Stephanie Burt


Stephanie Burt is a literary critic and poet who is Professor of English at Harvard University and a transgender activist. The New York Times has called her "one of the most influential poetry critics of generation". Burt grew up around Washington, D.C. She has published four collections of poetry and a large amount of literary criticism and research. Her work has appeared in The New York Times Book Review, The London Review of Books, The Times Literary Supplement, The Believer, and The Boston Review.

Literary criticism: new categories of contemporary poetry

Elliptical poetry

Burt received significant attention for coining the term "elliptical poetry" in a 1998 book review of Susan Wheeler's book Smokes in Boston Review magazine:
Elliptical poets try to manifest a person—who speaks the poem and reflects the poet—while using all the verbal gizmos developed over the last few decades to undermine the coherence of speaking selves. They are post-avant-gardist, or post-"postmodern": they have read Stein's heirs, and the "language writers," and have chosen to do otherwise. Elliptical poems shift drastically between low and high diction. Some are lists of phrases beginning "I am an X, I am a Y." Ellipticism's favorite established poets are Dickinson, Berryman, Ashbery, and/or Auden...The poets tell almost-stories, or almost-obscured ones. They are sardonic, angered, defensively difficult, or desperate; they want to entertain as thoroughly as, but not to resemble, television.

Burt also adds that elliptical poets are "good at describing information overload." In addition to calling the subject of her review, Susan Wheeler, an important elliptical poet, she also lists Liam Rector's The Sorrow of Architecture, Lucie Brock-Broido's The Master Letters, Mark Ford's Landlocked, and Mark Levine's debut, Debt as "some groundbreaking and definitively Elliptical books."

The New Thing

In 2009, she wrote "The New Things," an essay in which she posits a new category of American contemporary poets, which she calls "The New Thing." These poets derive their style from the likes of William Carlos Williams, Robert Creeley, Gertrude Stein and George Oppen:
The poets of the New Thing observe scenes and people with a self-subordinating concision, so much so that the term “minimalism” comes up in discussions of their work...The poets of the New Thing eschew sarcasm and tread lightly with ironies, and when they seem hard to pin down, it is because they leave space for interpretations to fit...The new poetry, the new thing, seeks, as Williams did, well-made, attentive, unornamented things.

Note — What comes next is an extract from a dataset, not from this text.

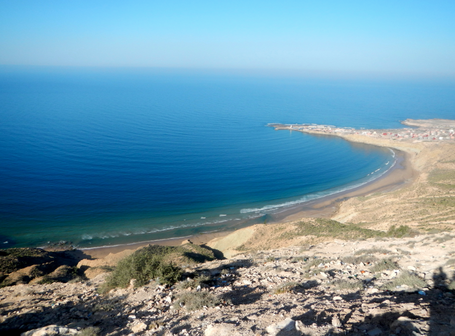 Samedi 25 février, 17h00, le vent tombe, réveil de la sieste. On part alors voir si il y a quelques vagues. Depuis le début du séjour on entend parler de cet endroit où déroule une des plus belles vagues du Maroc. On ne sait pas où elle se trouve, mais on a une petite idée d’où il faut se garer pour y accéder. Bouteille d’eau et combinaisons dans le sac à dos, nous commençons à marcher sur la falaise pour trouver la vague. 15,20, 30 minutes passent avant de trouver un accès plage. Puis arrivés là-bas, déception… Les vagues sont dans tous les sens, des rochers sont à fleur d’eau et le soleil commence à être trop bas pour y voir clair.
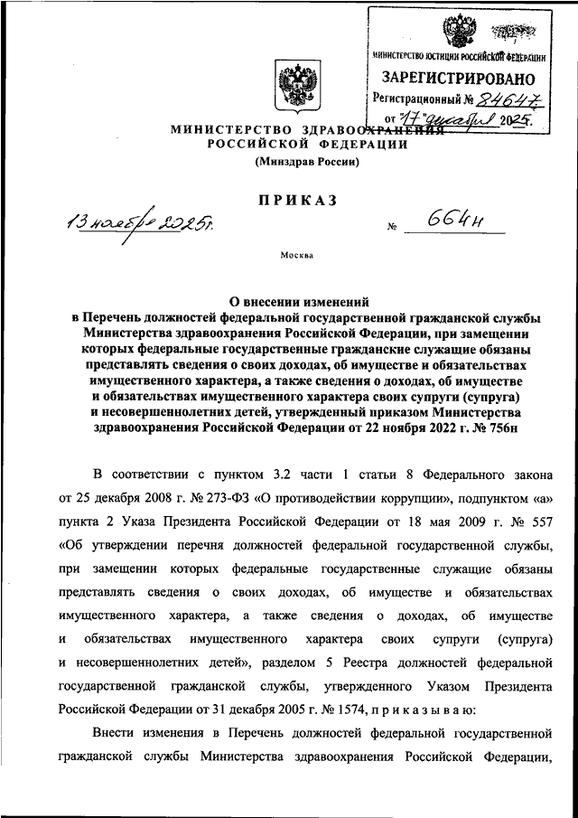 ПРИКАЗ Минздрава РФ от 13.11.2025 N 664н

It is equally at home in portraits and still lifes, in epigram and quoted speech; and it is at home in articulating sometimes harsh judgments, and in casting backward looks. The new poets pursue compression, compact description, humility, restricted diction, and—despite their frequent skepticism—fidelity to a material and social world. They follow Williams’s “demand,” as the critic Douglas Mao put it, “both that poetry be faithful to the thing represented and that it be a thing in itself.” They are so bound up with ideas of durable thinghood that we can name the tendency simply by capitalizing: the New Thing... Reference, brevity, self-restraint, attention outside the self, material objects as models, Williams and his heirs as predecessors, classical lyric and epigram as precedents: all these, together, constitute the New Thing.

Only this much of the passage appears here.